Cao, Jun; Qiu, Jun; Jin, Jieyu; Zhang, Sheng; Qu, Jiahui; Wang, Mingyue; Qiao, Longwei; Liang, Yuting.
Afiliación
  • Cao J; Center for Clinical Laboratory, The First Affiliated Hospital of Soochow University, Suzhou, China.
  • Qiu J; Center for Clinical Laboratory, The First Affiliated Hospital of Soochow University, Suzhou, China.
  • Jin J; Center for Clinical Laboratory, The First Affiliated Hospital of Soochow University, Suzhou, China.
  • Zhang S; Center for Clinical Laboratory, The First Affiliated Hospital of Soochow University, Suzhou, China.
  • Qu J; Department of Laboratory Medicine, Hongci Blood Disease Hospital, Suzhou, China.
  • Wang M; Department of Ultrasonography, The First Affiliated Hospital of Soochow University, Suzhou, China.
  • Qiao L; School of Gusu, The Affiliated Suzhou Hospital of Nanjing Medical University, Suzhou Municipal Hospital, Nanjing Medical University, Suzhou, China. Electronic address: qiaolongwei1@126.com.

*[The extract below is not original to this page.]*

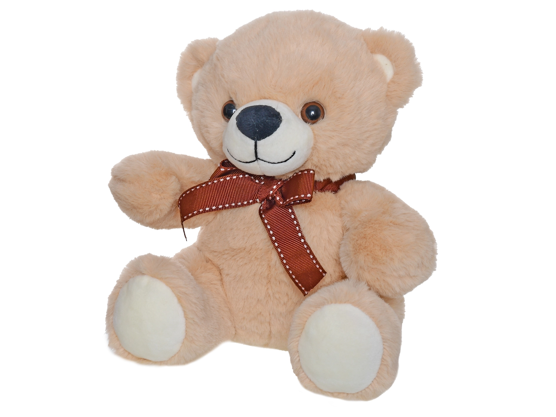Preslatka plišana medo visine 20 cm idealan je pratitelj za bebe i stariju djecu. Ima mekanu i nježnu površinu za maženje, elegantnu mašnu i pri pritisku ispušta zvučne efekte koji potiču senzorni razvoj. Baterije AG13 uključene su u pakiranje, tako da se djeca mogu igrati odmah nakon raspakiravanja.
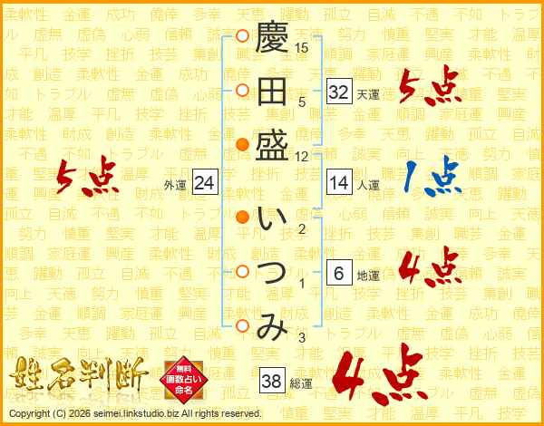 慶(15画)田(5画)盛(12画) い(2画)つ(1画)み(3画)

  • Liang Y; Center for Clinical Laboratory, The First Affiliated Hospital of Soochow University, Suzhou, China. Electronic address: liangyuting666@126.com.
Pathology ; 2024 Jul 14.
Article en En | MEDLINE | ID: mdl-39143000
ABSTRACT
Prolonged thrombocytopenia (PT) is a serious complication after haematopoietic stem cell transplantation (HSCT). PT has been suggested to be associated with an increased platelet transfusion requirement and poor outcomes after transplantation. Due to the complex mechanism of PT development, it is difficult to diagnose in the early post-transplant period. Our study aimed to identify an early predictive marker for PT after HSCT. Previous studies showed that the clinical utility of immature platelet fraction (IPF) predicts platelet recovery after chemotherapy and successful engraftment. However, the relationship between IPF and PT after HSCT remains unclear. Fifty-two patients with malignant haematological diseases who underwent HSCT were included in the study. We observed the kinetics of recovery of haematological parameters after transplantation and performed receiver operating characteristics (ROC) curve analysis using data from the 52 HSCT patients. The days to rise and peak of IPF, absolute IPF count (A-IPF) and highly fluorescent IPF (H-IPF) were almost synchronised in all patients, at day 10 and day 15, respectively. The begin to rise levels of IPF, H-IPF and A-IPF were all significantly lower in the PT group than in the good engraftment (GE) group (p=0.0016, p=0.0094, p=0.0086, respectively). The peak levels of IPF were significantly lower in the PT group than the GE group (p=0.0036). However, the peaks of H-IPF and A-IPF were not statistically significant between the two groups (p=0.3383, p=0.0887, respectively). The area under the ROC curve (AUC) of IPF rise was 0.739 (95% CI 0.583-0.896; p<0.05) and the cut-off value was 3.5%, while the AUC of IPF peak was 0.800 (95% CI 0.637-0.962; p<0.01) and the cut-off value was 8.0%. In conclusion, early low levels of IPF predict the development of PT after HSCT. These findings may help improve the management and treatment strategies for PT after HSCT.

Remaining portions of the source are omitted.